Review Summary: Deliverance drifts away from Opeths usual style, while still being a great heavy album doesn't give one the full Opeth punch.2 of 2 thought this review was well written
Opeth - Deliverance
I remember in the seventh grade, my math teacher was one of the most creative and unique teachers i have ever had. He would play games in class with us in the end all adding to the learning element not ever being off task. After the seventh grade i was sad to not have him for a math teacher anymore but little did i know he would soon be my teacher for 9th and 10th grade. Although time had passed and class had become more serious my teacher was still a great one, but since time had gone by now things were a little different in class. The same can be said for Opeth, although some time and change had gone by since the amazing Blackwater Park, they still managed to keep their charm and originality to their music. One thing that was a significant difference in Deliverance was that it was definitely Opeths heaviest releases. Deliverance was the first album of the Deliverance/Damnation double release. Interestingly enough Opeth decided to release their heaviest release and their softest consecutively. Whatever the reason is for this Deliverance has been one of the most debated Opeth albums to date.
From the quick drumbeat and the rapid guitar riff that come raging out of your speakers as soon as the CD begins to spin, it’s obvious that this album is going to be more intense than previous Opeth outings. The opening track, “Wreath”, is then joined by Mikaels vocals, stopping Opeth’s trend of having extended intro’s, most notable in albums like Still Life or Blackwater Park. In fact, there are very few songs on this album that have the same intro lengths as their older work. Another notable thing about Deliverance is that all of the tracks, disregarding a 2 minute transition track “For Absent Friends”, are longer than 10 minutes in length. Whilst Opeth can make 10 minute songs work, a talent which only a few other bands share, the song lengths may be daunting to some listeners who are not prepared to listen to long songs.
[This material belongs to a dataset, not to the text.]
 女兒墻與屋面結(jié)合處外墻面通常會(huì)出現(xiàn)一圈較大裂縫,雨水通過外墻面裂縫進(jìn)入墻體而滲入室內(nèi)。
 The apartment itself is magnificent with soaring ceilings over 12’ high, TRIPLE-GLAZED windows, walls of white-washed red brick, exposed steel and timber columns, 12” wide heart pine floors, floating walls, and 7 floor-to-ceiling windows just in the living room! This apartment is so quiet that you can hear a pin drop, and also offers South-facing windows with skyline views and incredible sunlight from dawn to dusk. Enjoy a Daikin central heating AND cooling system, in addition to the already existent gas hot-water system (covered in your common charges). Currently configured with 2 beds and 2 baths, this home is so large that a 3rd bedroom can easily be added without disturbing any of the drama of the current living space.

Due to the long track lengths, there is a lot of potential for Deliverance to drag on for way too long, without the songs properly progressing. And while tracks like “Wreath” and the title track “Deliverance” rarely have dragging moments, there are other songs like “By the Pain I See in Others” or “A Fair Judgment”, which have some sections that last too long, making them tedious to listen to. While this is a problem, the overall qualities of the songs account for the dull moments, meaning there are really no bad tracks on Deliverance.
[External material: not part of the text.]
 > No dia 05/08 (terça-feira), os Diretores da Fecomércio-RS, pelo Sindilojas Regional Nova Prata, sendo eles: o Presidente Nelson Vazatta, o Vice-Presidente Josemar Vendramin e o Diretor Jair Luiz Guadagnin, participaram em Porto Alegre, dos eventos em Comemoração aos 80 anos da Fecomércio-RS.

Being an Opeth album at heart, the overall musicianship featured in Deliverance is excellent and is up to the usual Opeth standards. The album is a showpiece of the excellent drumming of Martin Lopez, who is at an all time high, showing off his drumming skills and his double kick speed. “By The Pain I See in Others” is a definite highlight for Lopez, and has him playing some great double bass and blast beats. However, the bass does not live up to Lopez’s great percussion, and at times it was hard to discern the bass. Although when Mendez’s bass was heard it was quite imposing, often acting as a backbone for the songs. Mikael Akerfeldt and Peter Lindgren’s twin electric’s also impressed, providing some great riffs and solos. Indeed, one of the best parts of the album is the opening riff from “The Master’s Apprentice”, which is chunky and catchy and something different from the usual Opeth riff.
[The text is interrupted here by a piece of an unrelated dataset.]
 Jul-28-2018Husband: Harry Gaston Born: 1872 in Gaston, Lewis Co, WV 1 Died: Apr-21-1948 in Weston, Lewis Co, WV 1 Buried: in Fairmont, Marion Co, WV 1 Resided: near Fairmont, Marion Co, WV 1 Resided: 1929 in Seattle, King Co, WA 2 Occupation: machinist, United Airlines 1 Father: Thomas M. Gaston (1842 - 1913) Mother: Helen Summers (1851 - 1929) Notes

Regrettably, Deliverance does not stand out and appear as unique as many previous Opeth albums like Blackwater Park or My Arms, Your Hearse. Atmosphere does not seem to play as much of a role in Deliverance, and many of the songs do not seem to have that eerie and haunting feeling demonstrated in other Opeth releases. On the other hand this album seems to be leaning more toward the heavier aspect of Opeth’s sound, mainly to make up for the lack of electric guitar work in Damnation. Another contributor to the heaviness aspect is Mikael Akerfeldt’s growls. Mikael’s growls seem to be more deep and guttural in Deliverance than any other Opeth album, adding an even darker shade of brutality to Deliverance. Although the growling gets more time to shine, there was far too few instances of Mikael’s beautiful clean vocals. Unfortunately however, this heavier side of Opeth may not appeal to some listeners, and may not appease long time fans of Opeth’s moodier tunes.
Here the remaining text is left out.